What I'm trying to say is this: You need to try. You have hands, right? You presumably have a heart inside your chest that yearns for something beyond your own personal happiness. You have a wife, who probably has a job of her own and definitely has worries of her own and would appreciate a little help. And you have kids, who will repay you for your involvement in ways beyond imagining. So please, make an effort. For me.

Sincerely,
Your Fed-Up Friend



Dear Enabling Mom,


This is going to sound harsh, given all that you do and all that he does not, but you're making things worse. That look of surrender on your face right now—it's part of the problem. You're holding the family together, it's true, and your ability to juggle 17,000 things (plus your job) at once is amazing, and your tight-lipped frustration is well-earned, but—don't hate me for this—you're complicit too. By tolerating disengagement, you're encouraging disengagement. Being a man, I know a little bit about how men think, and I think it's fair to say we like to do nothing. We tend toward inertia. We hide behind our work and our "stressful" jobs, which, deep down, we realize is just a way to not participate in the far more stressful and difficult work of raising children. These things aren't true of all men, of course, but they're true of the man you married.

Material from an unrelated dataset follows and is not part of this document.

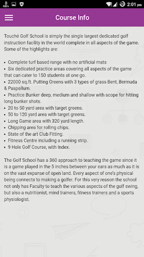 Touche Golf is a Bangalore based company running a 9-hole Golf School and an integrated Golf Club.

So: If you want help, and help is not forthcoming, then help must be demanded. (You're the one in control, right?) Remember those nights, early on, when the baby woke up at 3 a.m. and your husband was next to you, bolted to the bed, either sleeping soundly or pretending to sleep soundly? You should have made him get up and feed the kid. Remember that morning last week, when your babysitter called in sick and you were swamped at work, and yet there was never even a question as to who was going to stay home with the kids (you), never even a question as to whose job took priority (his)? You should have told him you really needed him to stay. You know that 20-year high school reunion you wanted to attend but didn't because you were petrified of leaving him alone with the kids? You should have gone. Because your happiness is just as important as his, and he would have found a way. I'm not saying it's easy, but it ain't rocket science, either: If he can hold down an actual job with actual responsibilities and live human beings who depend on him—in other words, a job that requires some adult-level competence—I'm pretty sure he can learn to run a bath and wipe an ass and pack some snacks and dream up something fun to do for an afternoon. He'll never do any of this on his own, though—not with you continuing to be so selfless, doing all the work, picking up his slack, just doing it yourself because you know he'll mess it up anyway. And the more you coddle him or work around him or allow your resentments to fester or, even worse, resign yourself to his do-nothing-ness, never challenging him to actually do anything, the tougher it's going to get. His opting out of the real work of parenthood will become the natural order of things, rather than a conscious act on his part. And thus it will never occur to him to feel guilty about it. And thus you will continue to find yourself alone with all three kids at the playground on a broiling Saturday afternoon, while your husband is away. Working.